:: ENTRIES SHOWN ::
============================================================
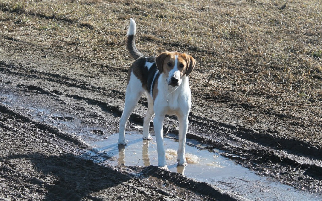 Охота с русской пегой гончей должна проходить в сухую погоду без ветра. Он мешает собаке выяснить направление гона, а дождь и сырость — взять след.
============================================================
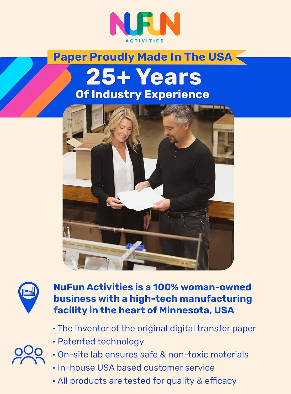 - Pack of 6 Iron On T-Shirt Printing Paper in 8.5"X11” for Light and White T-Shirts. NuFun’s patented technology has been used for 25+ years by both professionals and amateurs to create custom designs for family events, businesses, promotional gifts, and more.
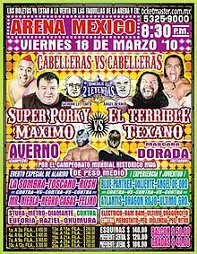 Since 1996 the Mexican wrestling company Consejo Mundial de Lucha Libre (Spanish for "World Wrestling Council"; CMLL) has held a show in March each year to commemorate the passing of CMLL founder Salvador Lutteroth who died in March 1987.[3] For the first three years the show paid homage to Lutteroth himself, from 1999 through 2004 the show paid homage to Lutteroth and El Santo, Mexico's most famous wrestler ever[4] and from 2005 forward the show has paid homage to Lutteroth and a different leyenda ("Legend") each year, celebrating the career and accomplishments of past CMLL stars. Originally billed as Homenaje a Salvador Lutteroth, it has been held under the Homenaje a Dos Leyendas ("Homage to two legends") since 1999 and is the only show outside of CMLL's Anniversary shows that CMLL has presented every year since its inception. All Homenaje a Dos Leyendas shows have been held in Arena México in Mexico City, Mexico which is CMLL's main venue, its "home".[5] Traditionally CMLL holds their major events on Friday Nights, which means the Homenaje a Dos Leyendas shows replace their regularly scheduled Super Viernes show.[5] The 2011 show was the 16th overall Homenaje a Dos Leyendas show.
============================================================
:: WHAT THE TASK ASKS ::
Lines from the one above containing "- Pack of 6" down to the one containing "Since 1996 the" should be transcribed exactly, with both ends kept and no pictures.

:: ANSWER TO THIS TASK ::
 - Pack of 6 Iron On T-Shirt Printing Paper in 8.5"X11” for Light and White T-Shirts. NuFun’s patented technology has been used for 25+ years by both professionals and amateurs to create custom designs for family events, businesses, promotional gifts, and more.
 Since 1996 the Mexican wrestling company Consejo Mundial de Lucha Libre (Spanish for "World Wrestling Council"; CMLL) has held a show in March each year to commemorate the passing of CMLL founder Salvador Lutteroth who died in March 1987.[3] For the first three years the show paid homage to Lutteroth himself, from 1999 through 2004 the show paid homage to Lutteroth and El Santo, Mexico's most famous wrestler ever[4] and from 2005 forward the show has paid homage to Lutteroth and a different leyenda ("Legend") each year, celebrating the career and accomplishments of past CMLL stars. Originally billed as Homenaje a Salvador Lutteroth, it has been held under the Homenaje a Dos Leyendas ("Homage to two legends") since 1999 and is the only show outside of CMLL's Anniversary shows that CMLL has presented every year since its inception. All Homenaje a Dos Leyendas shows have been held in Arena México in Mexico City, Mexico which is CMLL's main venue, its "home".[5] Traditionally CMLL holds their major events on Friday Nights, which means the Homenaje a Dos Leyendas shows replace their regularly scheduled Super Viernes show.[5] The 2011 show was the 16th overall Homenaje a Dos Leyendas show.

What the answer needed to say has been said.